Malware that’s still present on your PC may have added files to the Registry that interfere with your OS and other software, and in the worst cases may do serious damage to your PC.
If you’ve read this far, you’ll know by now that removing malware does not always remove its Registry files. The best tool we’ve found for removing Registry files at the same time as uninstalling unwanted programs is good old IObit Uninstaller.
When we ran IObit Uninstaller it listed programs and plug-ins we hadn’t knowingly installed, such as CentraStage, which GeekUninstaller also dug up for us. GeekUninstaller can remove Registry files, but IObit Uninstaller gives you greater control over this process.
Once you’ve uninstalled the program (CentraStage in this case), IObit Uninstaller scans your Registry for unwanted leftovers. In many cases there are none. But in the case of CentraStage, there were dozen. We ticked the box at the top of the file tree.
You can then obliterate all the files with one click by ticking the top box in the file tree. This automatically selects all the boxes below it. Tick ‘Also shred files’ if you suspect they may contain sensitive data, and then click Delete.

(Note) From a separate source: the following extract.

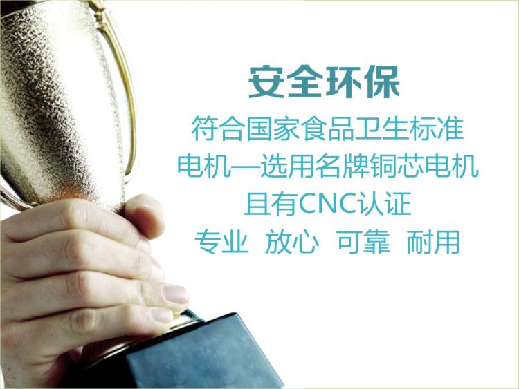 采用优质不锈钢制造,坚固耐用,美观大方,符合国家食品卫生标准,电机—选用名牌铜芯电机,且有CNC认证。

MALWARE SCANNERS Vs ANTIVIRUS
IObit Malware Fighter claims to “block” malware as well as find it, but we’d rather you steered clear of its blocking features. Blocking malware is the job of your antivirus (AV), and if you run another blocking tool at the same time as your AV they will conflict – effectively cancelling each other out.
You should never allow a malwarescanner – whether it’s the powerful IObit Malware Fighter or the easier-to-use Malwarebytes Anti-Malware Free – to run constantly in the background looking for malware to block.

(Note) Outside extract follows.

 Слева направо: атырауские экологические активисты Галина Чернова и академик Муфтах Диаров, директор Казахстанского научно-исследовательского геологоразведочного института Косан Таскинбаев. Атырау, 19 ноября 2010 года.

After installing any malware scanner, check that it’s not set to run at startup. If it is, it’ll run in the background continually and conflict with your AV. Download the latest version of free portable tool Autoruns (www.snipca.com/19195), launch it and wait for the list to appear. Then scroll through carefully and untick any malware scanners you find. This doesn’t disable the malware scanner; it simply stops it running at startup and gives you control over when and whether to run it.
Even the best AV – such as Kaspersky Internet Security, which has won the past seven quarterly tests run by our security team at Dennis Technology Labs (www.dennistechnologylabs.com) – is not designed to remove malware. AV and malware scanners are complementary tools – AV tries to block every malware attack, and scanners find and remove any malware your AV missed. They’re a brilliant team, but don’t run them together.
WHY ARE LEFTOVER FILES SO DANGEROUS?
When you remove a malware infection with a tool like Malwarebytes Anti-Malware Free, you’ve only removed the infection. You haven’t removed what it’s left behind. As we’ve seen with rootkits, these leftovers can include items that can be exploited remotely by cybercriminals and are very tough to remove.
Leftover malicious data may also include pieces of code or Registry files that give malware the gift of eternal life by reinstalling it at some point – or even every time you restart your computer.
Ransomware is clever, devious software. Once you think you’ve got it off your PC, there may well be files hidden in your Registry or OS that bring the ransomware bouncing back when you least expect it. Oh, and there’s worse. Leftover ransomware files are often locked by their creators so they can never be removed. Malwarebytes FileAssassin is the best tool to resolve this.